If you’re using a fixed-price model, total cost is what matters — not day rate. If you’re using T&M, day rate is just one input; management overhead and rework cost are the others.

This is the hub article for PostMVP’s agency selection pillar. The cluster articles cover specific aspects in depth:

In Summary

Choosing a software development partner comes down to four things: how rigorously they scope, how PM and engineering are structured, whether they’ll commit to a fixed price, and what previous clients say when no one from the agency is listening. PostMVP scores well on all four — and if we’re not the right fit, we’ll tell you that too.

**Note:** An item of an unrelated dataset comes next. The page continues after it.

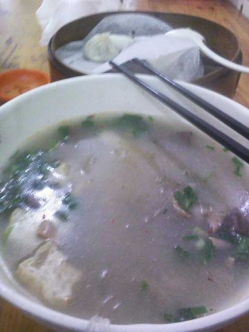 妯娌老鸭粉丝汤 @浦东新区夏碧路89号,买了老鸭粉丝汤和小笼,里面的鸭汤,闻起来老鲜的,吃起来,味道哈好的,闻着也特别的香,鸭肫肝放不少的,还有各种鸡鸭的内脏,感觉吃的蛮饱的。热乎乎的,哈哈。小笼皮薄肉多,咬一口下去,有汤汁的呢,很好吃的。

Frequently Asked Questions

How do I choose a software development agency?
Evaluate agencies on four dimensions: their scoping process (how thoroughly they define requirements), team structure (PM and engineering together or separate), commercial model (fixed-price vs T&M), and references from comparable projects. Portfolio and technology stack matter, but these four dimensions predict delivery quality better than anything else.
Should I choose a large agency or a boutique for my startup?
For startups and scale-ups with defined projects, boutique agencies typically outperform large agencies. Large agencies charge for overhead (management layers, sales teams, account managers) that you don't need. Boutiques with the right expertise are often faster, more senior, and more commercially aligned.
How many agencies should I approach for quotes?
Three is the right number. One gives you no comparison; two creates a binary choice; more than three creates evaluation overhead without proportionate benefit. Brief all three from the same document so you're comparing like for like.
What is the most important question to ask a software agency?
Ask: 'How long does your scoping process take, and what does it produce?' The answer tells you whether they do real discovery or generate instant quotes from gut feel. A good agency spends 2–4 weeks scoping before committing to a price.
Is a cheap quote always a red flag?
Not always — offshore agencies have genuinely lower day rates. But in fixed-price terms, a cheap quote often means either less scope was included or the agency plans to recover the difference through change requests. Ask for a scope comparison, not just a price comparison.